Why Are Greyhounds So Fast?

Greyhounds are so fast because of their anatomy and what they were bred for. These graceful dogs are sighthounds that were initially bred to track down and outrun their prey, which accounts partially for why they’re so adept at running. In addition to their history as hunting dogs, Greyhounds are simply built for speed.

Their hearts are huge, which allows for better circulation and, therefore, better-oxygenated muscles to help them withstand running at such high speeds. The Greyhound also has long legs, a graceful yet athletic and muscular build, lean muscles, a strong yet flexible spine, a short and fine coat, and a double suspension gait (also known as “double suspension rotary gallop”).

A greyhound and a dog are walking with a man in the park
Image Credit: Rebecca Scholz, Pixabay

Greyhound Speed Comparison

Though Greyhounds are the world’s fastest dogs, they’re built to run medium rather than long distances. For this reason, other canines can beat the Greyhound in an endurance race, including Siberian Huskies, Alaskan Malamutes, and horses.

Though Greyhounds may initially run ahead of these animals due to their ability to reach high speeds incredibly quickly, Huskies, Malamutes, and horses are better suited to long-distance running than Greyhounds.

If you’re curious how the Greyhound matches up against the cheetah—the fastest land animal—the cheetah can reach higher speeds of up to 120 km/h (75 mph) and would certainly win against a Greyhound in a sprint. However, cheetahs can only sustain their top speed for around 30 seconds, so in a long-distance race, a Greyhound would triumph against a cheetah.
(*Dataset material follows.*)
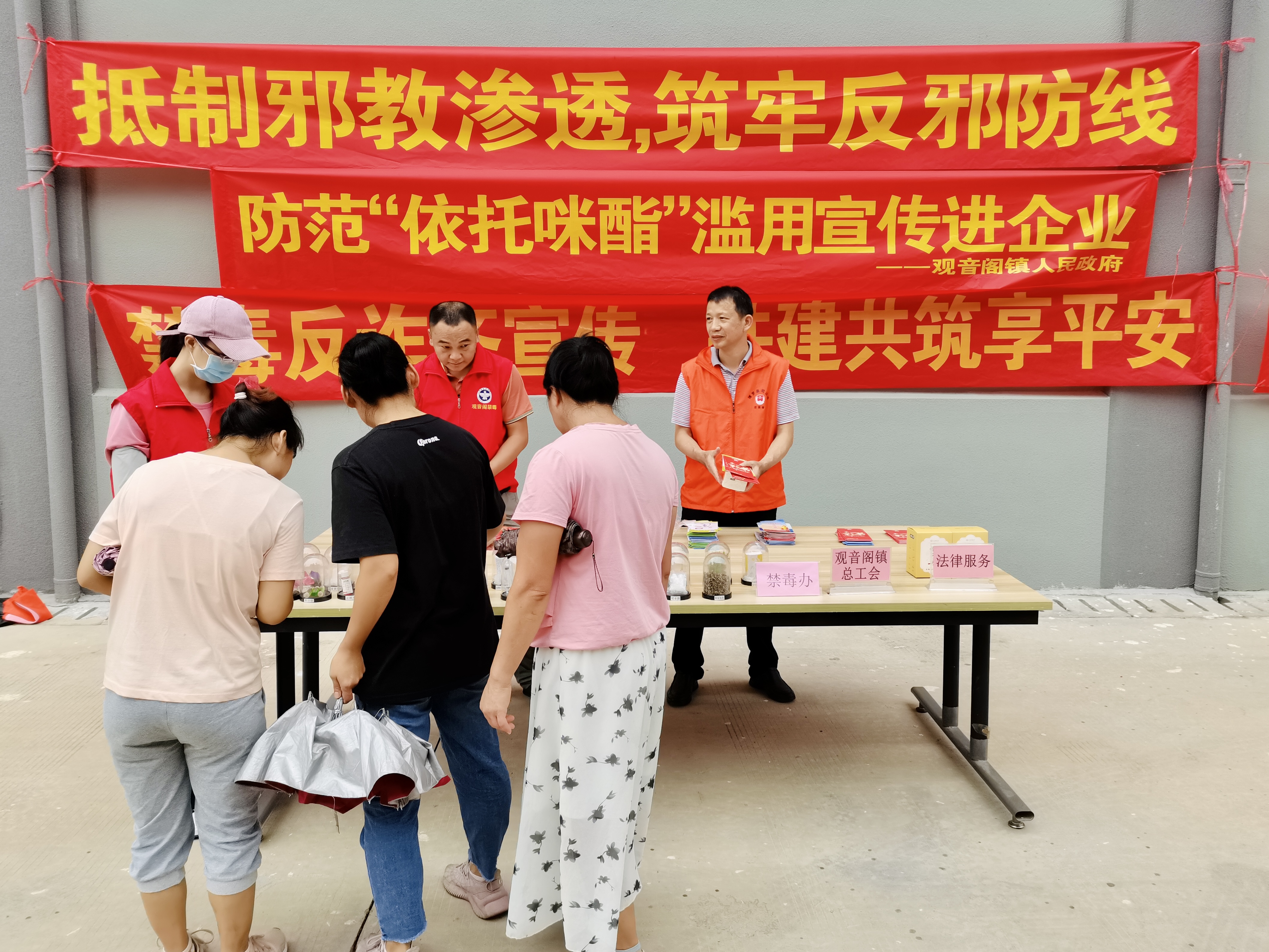 为加强我镇企业员工禁毒能力和参与禁毒工作的积极性,8月10日,观音阁镇禁毒办联合工会、司法所、综治办等部门到顺南食品厂开展新型毒品替代品“依托咪酯”禁毒宣传及反诈等宣传活动。

If we compare Greyhounds with humans, Usain Bolt’s record time in a 100-meter race was 9.58 seconds, and his top speed was 22.9 miles per hour (36 km/h). It takes a Greyhound just 5.33 seconds to run 100 meters.

Now, let’s look at how Greyhounds compare with other land animals regarding speed. The table below shows the top speeds each animal can reach.

Animal Top speed
Greyhound 72 km/h (44mph)
Cheetah 120 km/h (75mph)
Springbok 88 km/h (55mph)
Lion 81 km/h (50mph)
Ostrich 70 km/h (43mph)
Domestic cat 48 km/h (30mph)
Grizzly bear 56 km/h (38mph)

greyhound running
Image Credit: Herbert Aust, Pixabay

Is Greyhound Racing Cruel?

Yes. There are a host of animal welfare issues linked to the Greyhound racing industry. According to the RSPCA, Greyhound racing is dangerous because many Greyhounds suffer injuries caused by being forced to run at such high speeds around oval tracks. In some cases, the injuries result in the dog being euthanized.

As the RSPCA also notes, data from the Greyhound Board of Great Britain (GBGB) shows that hundreds of Greyhounds died due to Greyhound racing between 2018 and 2022. Moreover, the data shows that over 22,000 injuries were recorded. This speaks volumes about how unethical and dangerous Greyhound racing is for the dogs involved.

In addition, the RSPCA draws attention to the fact that some racing dogs are kept in inadequate living conditions and fed substandard food.

greyhound standing on grass
Image Credit: nonmisvegliate, Pixabay

Summing Up

To recap, Greyhounds are medium-distance runners that can reach up to 72 km/h (45 mph). Because of their ability to reach their top speeds quickly, greyhounds are the world’s fastest dogs, but they’re not the best endurance runners. Siberian Huskies and Alaskan Malamutes are better long-distance runners, so they come out on top in an endurance race.